To select the most suitable model and hyperparameters for a given problem, practitioners often use [cross-validation](/wiki/cross-validation). This involves splitting the dataset into multiple subsets, training on a portion of the data, and evaluating on the remainder. The process is repeated multiple times with different splits.

Placing cross-validation inside the pipeline (rather than around it) is important to avoid data leakage.[16] If preprocessing steps such as scaling are fit on the full dataset before cross-validation splits are created, statistics from the held-out fold will leak into the training fold, biasing the score upward.
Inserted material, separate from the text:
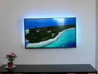 • A spacious living room with modern details, LED TV and a cozy sitting area.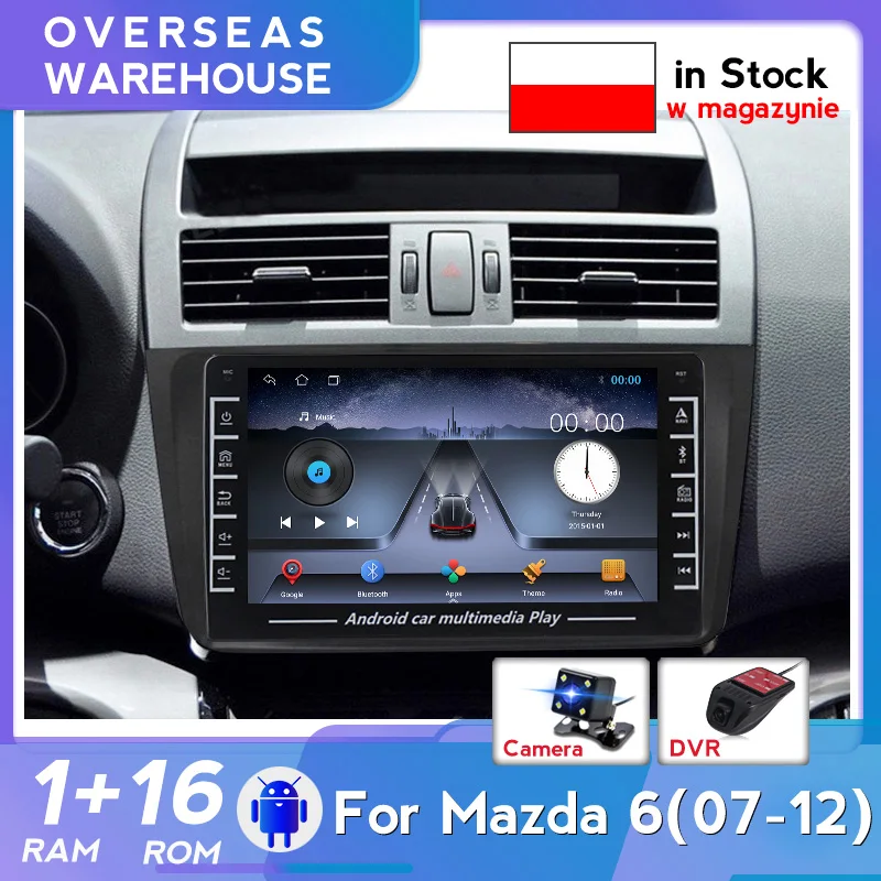 Автомобильный радиоприемник 8 дюймов, Android, стерео, мультимедийный плеер для Mazda 6 GH 2007-2012, GPS-навигация, IPS экран, Авторадио, Wi-Fi, 1 ГБ ОЗУ, 16 Гб ПЗУ

Pipelining ensures that the same samples used to fit the transformer are the only ones used to train the predictor for that fold.

### scikit-learn Pipeline

The `Pipeline` class in `sklearn.pipeline` is one of the most widely used implementations of ML workflow pipelining.[14] A `Pipeline` chains a list of named transformers, ending in a final estimator.[15] Every step except the last must implement `fit` and `transform`; the last step must implement `fit` and either `predict`, `transform`, or `fit_predict`.[15]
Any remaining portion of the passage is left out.